The Industrial Revolution – When Everything Happened
So far in this series, I have written about the Sailing Ship and the Steam Engine. These were fairly straightforward developments.
But in the next one hundred years or so, these technologies arose:
- Electricity – including the Telegraph and the Telephone and then the Electric Motor
- The Movies
- The Automobile – which included the Internal Combustion Engine, the Pneumatic Tire, and the Public Road System
- Electronics – the Vacuum Tube
All these were overlapping developments – the development of Electricity, for example, overlapped the development of the Steam Engine. This made for endless confusion. There were also many secondary developments, such as the Airplane, that I will not go into here.
An important source for the first combination (Electricity and Photography) is The Image, by Daniel J. Boorstin. I quote from the Introduction:
In this book I describe the world of our own making; how we have used our wealth, our literacy, our technology, and our progress, to create a thicket of unreality which stands between us and the facts of life. I recount the historical forces which have given us this unprecedented opportunity to deceive ourselves and to befog our experience.
And he proceeds to do just that.
In what follows, I will give my own slant on his findings – which concentrate on the technologies involved.
First of all – Electricity, the gradual development of which would eventually overshadow everything else, with the Computer. But its first impact was in the Telegraph and the Telephone. Which were largely responsible for the collapse of the Modern World late in the 19th Century.
This is an outlandish claim – allow me to substantiate it.
The reason for this was simple – Information, which had been limited by the time required to physically move across the world (it could take months to just cross the Atlantic Ocean) was sudden accomplished in less than a second! Space and time no longer mattered!
And we poor species, who had evolved in a Stone Age, had no way of comprehending this. Our social development had lagged far behind our technological development. There were some (perhaps twenty percent of the population) who could comprehend this. But the mass of people (and they had become a mass by then) simply went crazy. And they have never recovered.
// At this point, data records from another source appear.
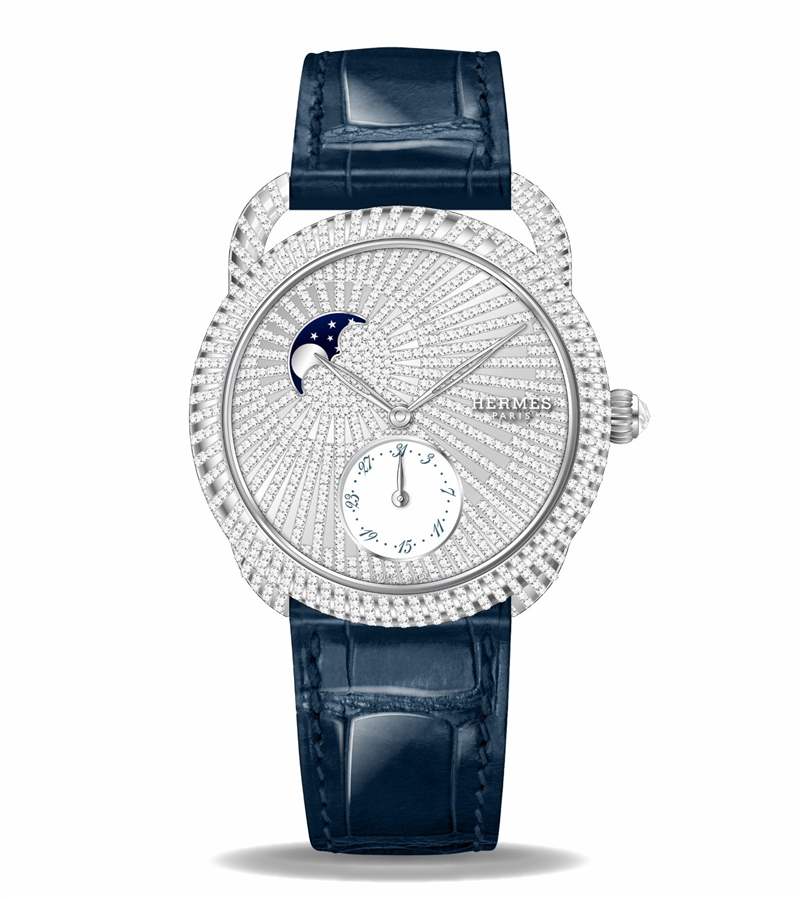 珠寶腕表中最引人注意的是一枚「Arceau Petite Lune」小月相腕表——以10點的月相盤為中心,通過1084顆明亮式切割鉆石在表盤、表殼及表耳上勾勒出放射狀線條,在白金盤面的襯托下熠熠生輝,如同皎潔的月光鋪灑大地,風格浪漫而充滿詩意。
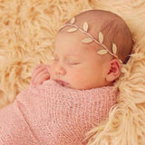 For a little pomp and pageantry, this nature-inspired gold rhinestone leaf headband is a stunning accessory for your newborn to wear for a photo shoot or for meeting family members for the first time. Custom designed in meticulous detail, it features a length of leaf ribbon trim adorned with sparkling Swarovski crystals. It has a silk ribbon along the back to make tying it onto her hair a breeze. She'll look like a Grecian princess from the moment you put it on. Most importantly, it won't snag her delicate hair and is a luxurious way to give her first baby photos an opulent flair fit for royalty. Choose from a variety of colors to match her wardrobe. This is a limited edition Chic Crystals Boutique original. Order now to guarantee availability.
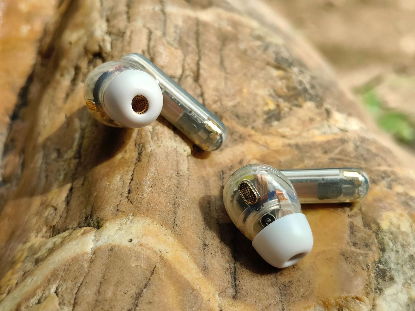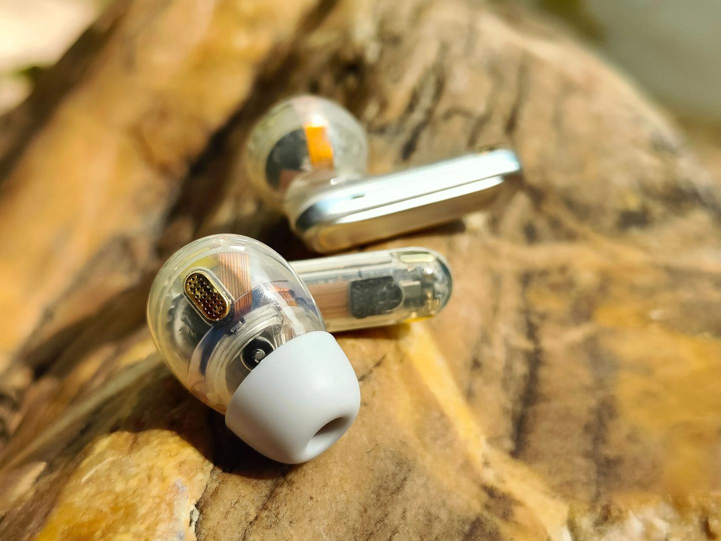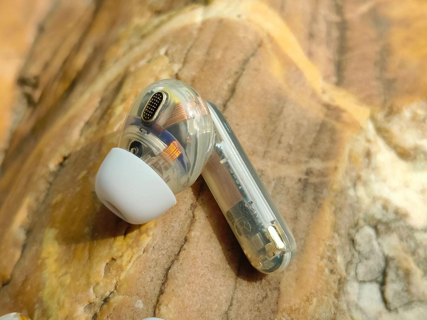 半身透明耳机壳设计,内部声学结构一目了然,拿在手里非常的有辨识度。耳机基于人体工学 3D 建模,完美贴合亚洲人耳型,单耳仅重 4.5 克,戴上几乎无感。

That is my summary of the social developments due to Industrialization – rampant craziness, and nearly constant war.
I return to what Boorstin called The Graphic Revolution – the combination of Electricity and Photography – a very potent combination. I have spoken of the Telegraph. Soon photographs were being transmitted on it and appearing in the newspapers. People were fascinated. The world was being recreated right in front of their eyes!
Let me repeat that – people were taking the place of God – and becoming demigods themselves! This was a development they could not resist!
So far, Electricity had been limited to the transmission of Information – even though this was long before our present Age of Information. Soon, it would also be used for Power - at first mainly in light bulbs (or arc-lights) to replace the existing gas lighting. The development of long-distance electrical power networks was a long time coming, and depended on a number of other developments – such as as the use of alternating current instead of direct current (the kind favored by Edison).
It took a long time for business to replace the mechanical power transmission in factories with electric motors. And also for homes to use electrical appliances – the Refrigerator only became common in the Fifties, when it replaced the icebox.
But meanwhile (note how many overlapping events were going on) another event was happening that would have enormous implications. The development of the Movies (or the Cinema, in Europe).
My own father was a home movie maker (8 mm) in the Thirties (when, as a Marine, he was part of an occupation of Haiti) and in WWII and the Forties. He also operated a Photography studio.
He told me once that when his Marine Corp buddies were visiting a local brothel (a common occurrence at the time) he took the Madam’s daughter to the Movies. Everyone went to the Movies at least once a week during the Depression. And movie stars, and news of their lives, were eagerly consumed.
But – in another overlapping development – the Radio appeared. Mass communications became an integral part of people’s lives. This, and the Movies became the twin technologies of Nazism.
Electronics was also born – another development of Electricity – just in time for WWII. The key component here was the vacuum tube (of many different kinds) – the miracle device of its time.
The Automobile – a BIG development – had also been changing everything. This was the combination of two technologies – the Internal Combustion Engine (which eventually replaced the Steam Engine, even on the Railroads) and the Pneumatic Tire. And also the publicly-owned hard-surfaced roads without which they would have been useless. These replaced the Railroad lines, which were all privately-owned.
American society changed itself completely to accommodate the Car. My Father’s father died in his barn with his beloved horses. My father died in his beloved car.
The world was not only becoming complicated – it had become complex (many different forces acting on each other at the same time). This in itself was not a problem, people had always lived in a complex world. And were used to thinking of many things acting at the same time.
But with so many new developments going on all over the place, people were overwhelmed – and unable to notice hardly anything – while thinking they were noticing everything - as they were constantly told by the Media.
A very important development in itself.